The effort had almost killed her, but then again—
Then again, the sight of those kids last night, the look on Ysbel’s face when she’d seen her wife for the first time—well, she had to make this work. That was all.
Anyways, even being locked up seemed easier when there was finally something for her to do.
When the guards came for the prisoner count the next morning, she stood like a model prisoner, waiting her turn. No one even swore at her before she reached the mess hall, which at this point was a record.
When she got in, she glanced quickly around for Radic. He was standing in the food line, and she managed to bump into him before they got their food. He dropped his dish and swore, turning around to glare at her, before he realized who it was.
He stared at her, then grinned. “You’re out.”
“Yep,” she whispered, with an answering grin. “Hey. I’ve got something for you, if you’re in.”
He frowned at her cautiously. “What?”
“Stick-in-the-mud.”
“Tell
me what it is.” His tone was slightly irritated.
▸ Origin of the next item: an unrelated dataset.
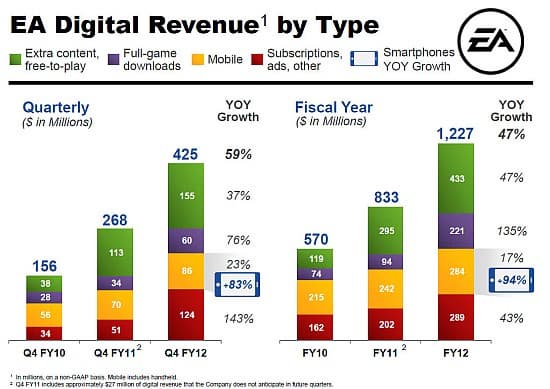 Компания EA отчиталась о своих достижениях за прошедший финансовый год. Да-да, именно о достижениях, компании удалось получить прибыль в размере $76 млн., в то время как годом ранее сообщалось об убытках в $276 млн. Доходы компании также возросли. Если в прошлом году они составляли $3,59, то в этом - $4,14 млрд. EA удалось достичь таких результатов благодаря таким проектам как Mass Effect 3, SSX и Kingdoms of Amalur. Также отмечаются успехи шутера Battlefield 3, в котором сегодня насчитывается более 6,3 млн. активных игроков. Новые порции DLC для него запланированы на май и июнь. Теперь пройдемся по интересным числам.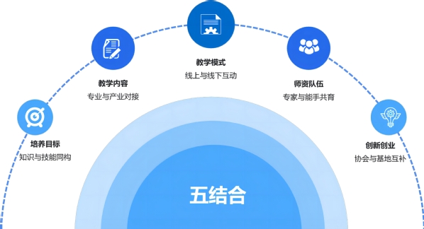 依托该模式,AC米兰中文官方网站以平台、技术、服务、资源为纽带,推动平台链、人才链、产业链、生态链、教育链“五链”融合,为人才培养、产业服务、项目孵化、创新创业、产业技术研究等提供平台支撑,完善“头部院校+龙头企业”的产教融合特色模式。

“I’ll tell you. It might take a few minutes.”
He glanced around quickly, then jerked his head in the direction of a table.
When they were sitting, he leaned forward. “What is it?”
She leaned closer. “What would you say if I told you I was breaking out?”
This time he did frown. “I’d tell you you were crazy. There’s an acceptable level of crazy. And there’s the level that will get you killed. I know you hate it in here. But you can’t let them—”
“What if I told you some friends and I had a plan to break everyone out?” She watched his face, grinning.
His reaction was just as gratifying as she’d imagined. His jaw dropped comically, his eyes widening and his face going two shades paler than it had been.
“Wha—”
“Told you it was good,” she said with a smirk.
“Kid! That’s not good, that’s crazy! They’re not the same thing, even though I think you think they are.”
“Hey. It’s not just me. You know Tanya?”
“That woman I told you could take you apart with her bare hands?” His voice was rising now.
“Same one. Anyways, she’s helping us.”
“Us? Who’s us?”
“You know how you were saying you hadn’t seen me here before? And you were a bit surprised?”
“Yes, because someone as absolutely crazy as you is usually pretty high on the radar.”
“Well, I wasn’t here before a week ago. We broke in, my friends and I. Because we were trying to save Tanya. Because she’s married to one of my friends.”
“She’s—wait. Tanya’s married to that mass-murderer.”
“Yeah. That’s the one. Ysbel.”
He seemed to have lost the ability to speak. His mouth opened and closed a couple of times, but nothing came out. When he finally did manage to speak, his tone was slightly awed.
“Jez. I thought you were insane before. I had no idea.”
“Most people don’t,” she said cheerily. “So. What do you think? You in?”
“I—” he glanced around him at the mass of prisoners. “You said you’d get everyone out?”